On October 6, 2021, Kate Clifford Larson presented “Faith and Politics: The Irresistible Force of Fannie Lou Hamer” as part of the History Is Lunch series.
Fannie Lou Hamer was born the 20th child in a family that had lived in the Mississippi Delta for generations, first as enslaved people and then as sharecroppers. She left school at 12 to pick cotton and was later subjected without her consent to an operation that deprived her of children. And she was denied the right to cast a ballot in a state in which Black people constituted nearly half the population.
“And so Fannie Lou Hamer lifted up her voice,” said Larson, author of Walk with Me: A Biography of Fannie Lou Hamer. “Starting in the early 1960s and until her death in 1977, she was an irresistible force, not merely joining the swelling wave of change brought by civil rights but keeping it in motion.”
Working with the Student Non-Violent Coordinating Committee, which recruited her to help with voter-registration drives, Hamer became a community organizer, women's rights activist, and co-founder of the Mississippi Freedom Democratic Party. She used her brutal beating at the hands of Mississippi police as the basis of a televised speech at the 1964 Democratic Convention, a speech that the mainstream party―including its standard-bearer, President Lyndon Johnson―tried to contain.
Civil Rights veteran Joyce Ladner wrote that Larson’s biography tells the story "of a woman born into the grinding poverty and racism of the Mississippi Delta who rose to become the voice of the unheard and the conscience of a nation. Based on prodigious research and extensive interviews with those who knew Hamer, Walk with Me is a masterpiece of historical scholarship, a layered portrait of an unlikely hero of the civil rights movement who gave her life for freedom."

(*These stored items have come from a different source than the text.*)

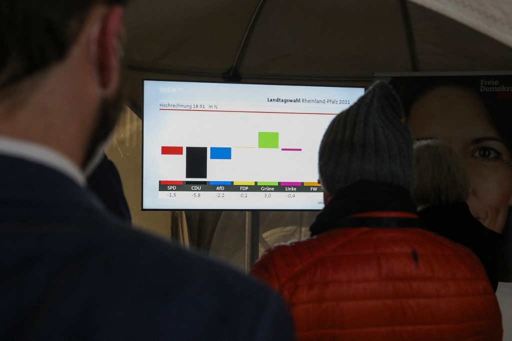 CDU teve desempenho ruim nos estados Baden-Württemberg e Renânia-Palatinado seis meses antes das eleições para o Congresso (Bundestagswahl), previstas para 26 de setembro. Políticos do partido da chanceler da Alemanha se envolveram em escândalos por suspeita de enriquecimento ilícito. Restrições em razão da Covid-19 e dificuldades de obtenção das vacinas acentuaram descontentamento. O partido conservador da chanceler alemã, Angela Merkel, enfraquecido pela crise sanitária e um escândalo financeiro, sofreu uma dura derrota em duas eleições regionais neste domingo (14), seis meses antes das legislativas, de acordo com pesquisas de boca de urna. A União Democrática Cristã (CDU) registrou "um desastre" eleitoral, segundo o jornal "Die Zeit"; uma "derrota" que mostra que "não pode continuar assim", escreveu a revista "Der Spiegel". Nas regiões de Baden-Württemberg e Renânia-Palatinado, o partido conservador obteve o pior resultado de sua história, segundo as projeções de boca de urna das emissoras ARD e ZDF. Pessoas acompanham os resultados das urnas na eleição estadual na cidade de Mainz, capital do estado Renânia-Palatinado, em 14 de março de 2021. Os alemães foram às urnas em duas eleições regionais importantes, em Renânia-Palatinado (em alemão, Rheinland-Pfalz) e Baden-Württemberg ARMANDO BABANI / AFP Em Baden-Württemberg, a CDU obteve 23,8% dos votos, contra 27% obtidos há cinco anos; enquanto na Renânia-Palatinado convenceu entre 26,9% e 27,5% dos eleitores, contra 31,8% em 2016, segundo ARD e ZDF. Embora os conservadores não fossem vistos como favoritos nesses dois estados regionais, liderados respectivamente pelos Verdes (Die Grünen) e pelos social-democratas (SPD), eles registraram um retrocesso notável a seis meses das eleições legislativas de 26 de setembro. As revelações em cascata sobre o chamado "caso das máscaras" e as críticas crescentes à gestão da crise de saúde anunciavam "sombrias perspectivas" eleitorais para os conservadores, opinou neste domingo o jornal popular "Bild". O CDU atravessa "sua crise mais grave" desde o escândalo das caixas pretas da queda do ex-chanceler Helmut Kohl no fim dos anos 90, estimam muitos cientistas políticos. Suspeita-se que dois deputados teriam recebido comissões pela compra de máscaras no início da pandemia do coronavírus, manchando a imagem do partido. Neste domingo à noite, o secretário-geral da CDU, Paul Ziemiak, disse que o partido terá "tolerância zero" para "qualquer um que tente enriquecer durante a crise". Segundo Ziemiak, o escândalo da máscara "teve um forte impacto" nos resultados das eleições regionais. Verdes e SPD lideram Cerca de 11 milhões de eleitores estavam aptos a votar na eleição parlamentar regional. Em Baden-Württemberg, uma região próspera e coração da indústria automobilística alemã, a vitória anunciada dos Verdes oferecerá um terceiro mandato a Winfried Kretschmann, de 72 anos, o único ambientalista que governa uma região alemã. Principal candidato dos Verdes, Winfried Kretschmann discursou enquanto os votos eram apurados em Stuttgart, no sul da Alemanha, no fim das eleições estaduais em Baden-Württemberg, em 14 de março de 2021 Marijan Murat / POOL / AFP A coalizão com o CDU, que dirige há cinco anos, costuma ser considerada o laboratório de uma possível aliança nacional entre esses dois partidos nas eleições de 26 de setembro. Os Verdes, que teriam vencido com cerca de 31% dos votos, segundo a pesquisa de boca de urna, terão assim uma boa margem para negociar uma nova aliança, com a CDU ou com os social-democratas, ou até com os liberais. Na região Renania-Palatinado, vizinha de França, Bélgica e Luxemburgo, as coisas também não deram certo para o partido da chanceler. Depois de acalentar a ideia de acabar com três décadas de dominação social-democrata, o CDU ficou muito atrás nas urnas da atual líder da região, Malu Dreyer, que obteve cerca de 34% dos votos e renovará seu mandato. Eleições estaduais na Renânia-Palatinado, na Alemanha: à direita, a candidata do Partido Social-Democrata (SPD) Malu Dreyer e, à esquerda, o candidato do partido conservador alemão CDU Christian Baldauf em 14 de março de 2021. ARMANDO BABANI / AFP Fartos das restrições Merkel, que esperava deixar o poder no auge de sua popularidade, vê seus planos contrariados pelas dificuldades do CDU e de seu aliado bávaro CSU. Dois deputados, Georg Nüsslein (CSU) e Nikolas Löbel (CDU), abandonaram nos últimos dias seus partidos respectivos por suspeitas de terem enriquecido graças à epidemia, ao agirem como intermediários com fabricantes na compra de máscaras. Em uma polêmica diferente, o conservador Mark Hauptmann renunciou na quinta-feira ao seu mandato depois de ser acusado de colocar publicidade do Azerbaijão no jornal regional que dirige. No passado, parlamentares do CDU foram acusados de receber dinheiro deste país rico em petróleo. Um deles perdeu recentemente a imunidade parlamentar. Em uma tentativa de apagar o incêndio, CDU e CSU deram o prazo até sexta-feira à noite aos seus parlamentares para declararem eventuais lucros com a epidemia. A polêmica chega no pior momento para os conservadores, que devem designar em breve seu candidato para a chanceleria. Armin Laschet, novo líder do CDU, aspira suceder Merkel, embora o presidente de Baviera, Markus Söder, possa ter a mesma ambição. O caso das máscaras aumentou ainda mais o cansaço de milhões de alemães com as restrições e que duvidam da estratégia do governo. As dificuldades de obtenção das vacinas contra a Covid-19 só têm acentuado o descontentamento, tendo como pano de fundo o aumento das infecções nos últimos dias. As autoridades de saúde não escondem sua preocupação com o possível início de uma terceira onda.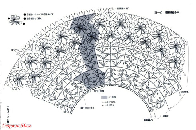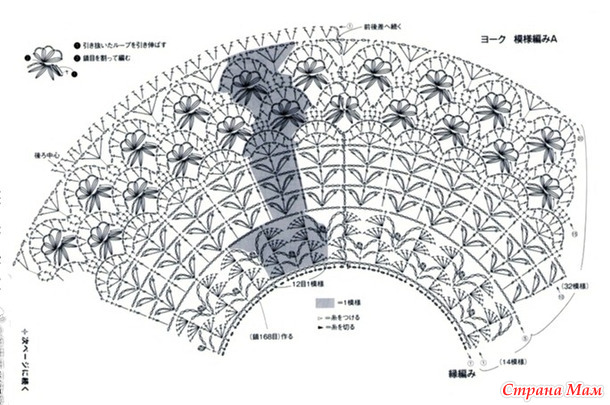 Начинайте вязать лицевыми петлями. Чтобы увеличить кокетку, провяжите 20 рядов, как показано на схеме.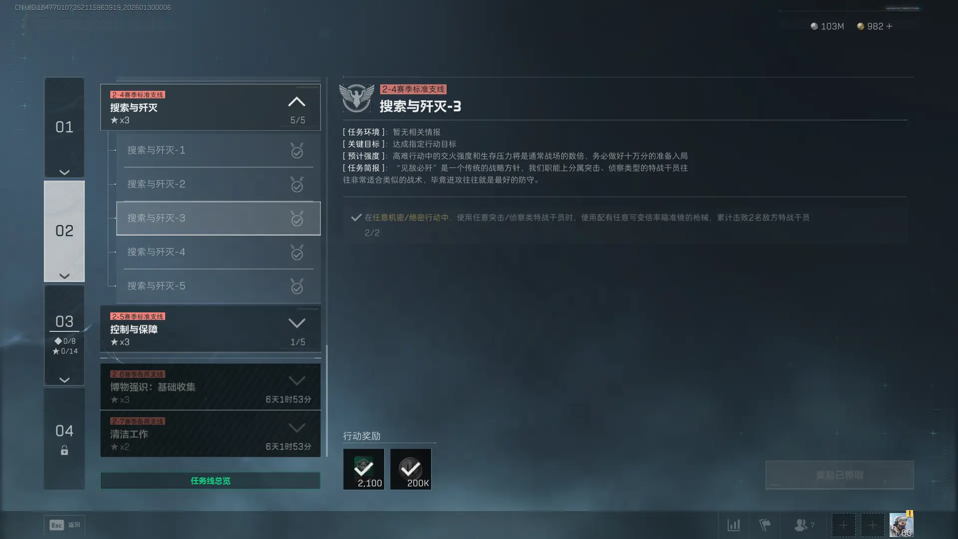 1、任务目标:在任意机密/绝密行动中,使用任意突击/侦察类特战干员时,使用配有任意可变倍率瞄准镜的枪械,累计击败2名敌方特战干员。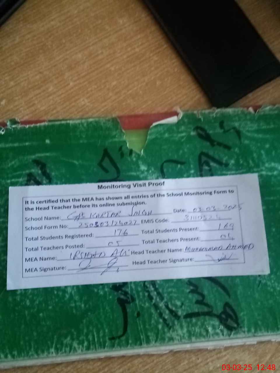 | Attendance Register | Head Teacher | MEA with School | Visit Proof |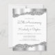 Trendigets 25:e bröllop-jubileumsinbjudan har en glatt silver-faux-folie och glitter överst och grund gräns på vit bakgrund. Ord "25-årsdagen" och parets första namn visas i handskriftsskriptet silver grått, med resten av anpassadet i sans serif font. Samma silver-folie och glitter gräns-design visas på baksidan.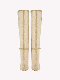 Rania Boot is an elegant pointed-toe style with a 105mm stiletto heel and a zip in the inside. Crafted from precious see-through organza silk and finished with metallic-effect suede trims, this style finely embellished with degrade dazzling crystals. Handmade in Italy. - Composition: 30% SUEDE + 70% FABRIC - Heel Height: 4.1 inches / 105 mm - Model Code: G80245.15RIC Item ID: G80245.15RIC.BORMENU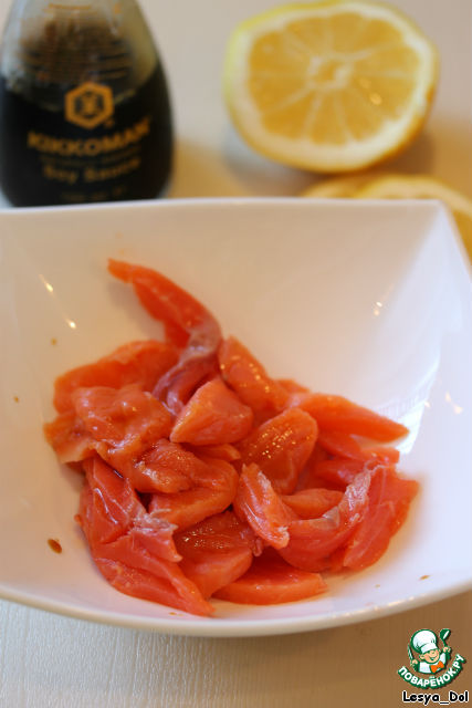 Пока тесто подходит, замаринуем филе лосося. Конечно, в идеале, можно было взять малосольное или копченое филе, но у меня в холодильнике нашелся только кусок свежего охлажденного лосося. Вот и рискнула приготовить из него. И не прогадала, получилось очень вкусно. Рыбу нарезать тоненькими полосками, смешать с соевым соусом и лимонным соком. Оставить мариноваться на 1-2 часа при комнатной температуре.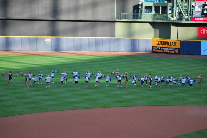 After walking around for a bit we went to our seats and waited for the game to start. They had the Junior Diamond Dancers perform in the outfield with some of the actual Diamond Dancers. I know I wouldn’t be able to remember a routine, so this isn’t a jab at the little tikes. It’s cute to see some of them watch the Diamond Dancers to see what move is next then duplicate it to the best of their abilities, all while trying to catch up.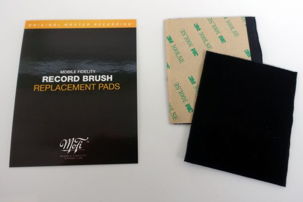 Mobile Fidelity Sound Lab replacement brush pads work on the Mobile Fidelity Sound Lab Record Brush, the best record-cleaning brush available. We recommend replacing the pads after cleaning 100-150 records or when the pad begins to show wear. But don’t worry. Worn-out pads are quickly and inexpensively replaced. Carefully peel off the old pad, making sure to remove all the old adhesive. Then, peel the wax backing from the OEM replacement pad and line it up with the edges of the brush, ensuring enough material overlap covers both the front and rear lips of the brush. Finally, slowly and firmly press the new replacement pad onto the brush until it’s completely adhered. Look to see that no bubbles or folds exist, and check that the pad lays flat on the brush.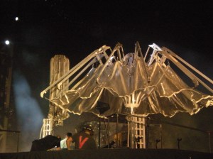 It started to rain toward the end of Mysterious Ways and continued throughout the show, raining harder and harder and lightning during the encore. It seemed that the pouring rain caused Larry lots of problems – he was constantly adjusting his seat. Also because of the umbrellas, Larry’s drumkit didn’t turn around during Sunday Bloody Sunday. Edge didn’t seem to like the rain at all. He didn’t go on the bridge during Until the End of the World, even though Bono was on the other bridge waiting.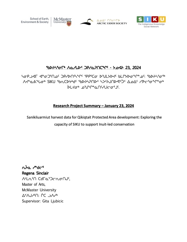 Sinclair, R. [MA thesis, 2024] Sanikiluarmiut harvest data for Qikiqtait Protected Area development: Exploring the capacity of SIKU to support Inuit-led conservation. (McMaster University).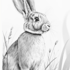 A detailed black-and-white illustration of a rabbit sitting in tall grass, showcasing its expressive eyes and perked ears, highlighting the natural elegance of this gentle creature.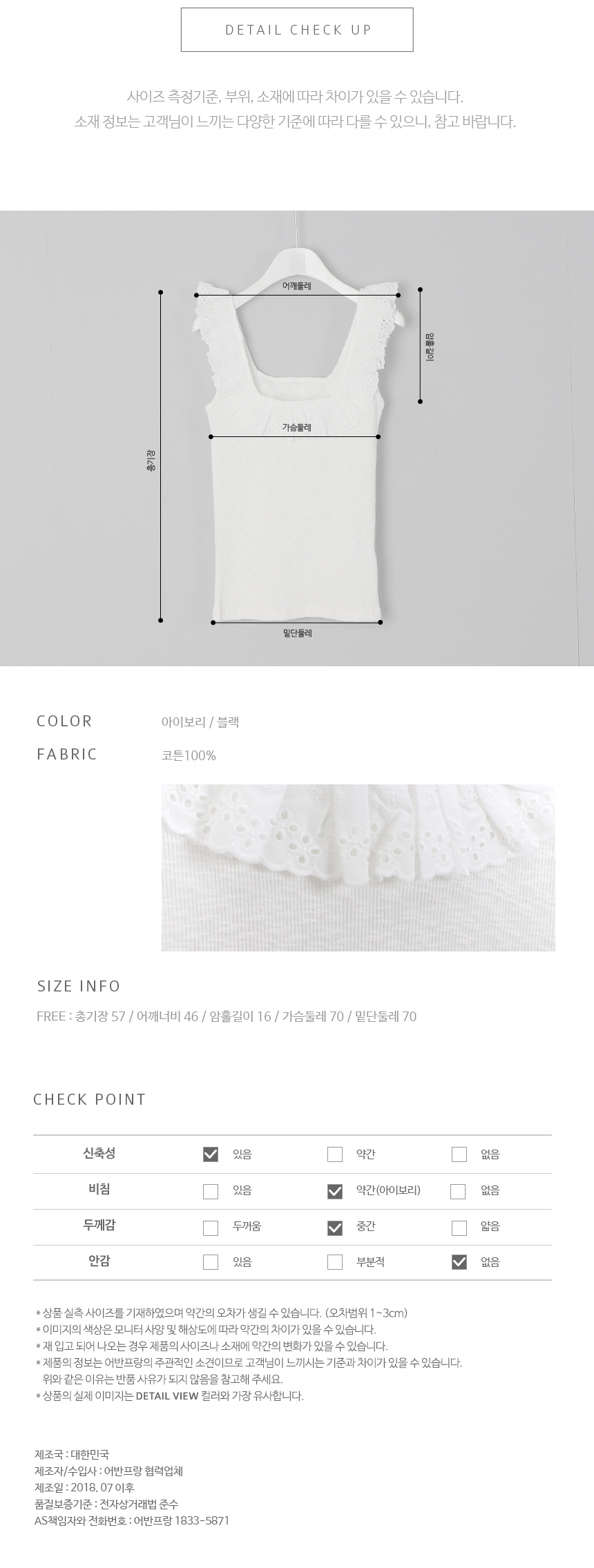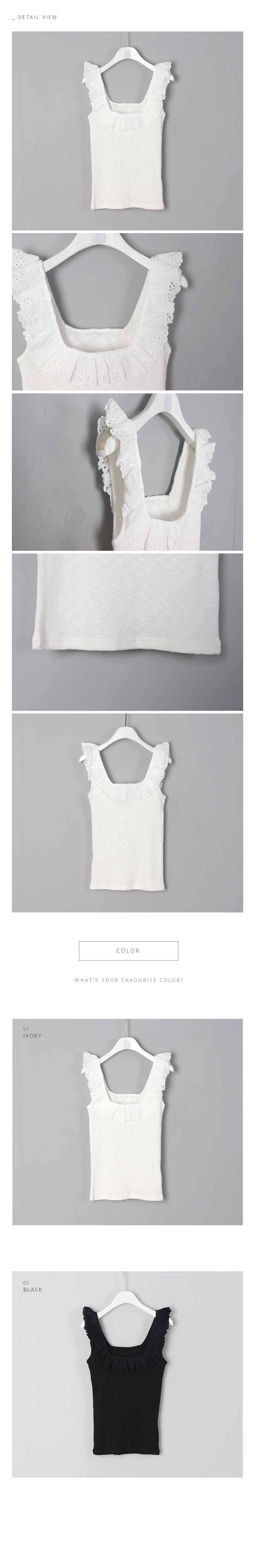 앞,뒤로 시원한 스퀘어 넥에 펀칭 소재 프릴로 포인트를 준

Kate Clifford Larson’s other books include Bound for the Promised Land: Harriet Tubman, Portrait of an American Hero; Rosemary: The Hidden Kennedy Daughter; and The Assassin's Accomplice: Mary Surratt and the Plot to Kill Abraham Lincoln. She has consulted on feature film scripts, documentaries, museum exhibits, public history initiatives, and numerous publications, and appeared on CBS Sunday Morning, the BBC, PBS, C-Span, and NPR. Larson is currently a Brandeis Women's Studies Research Center Scholar.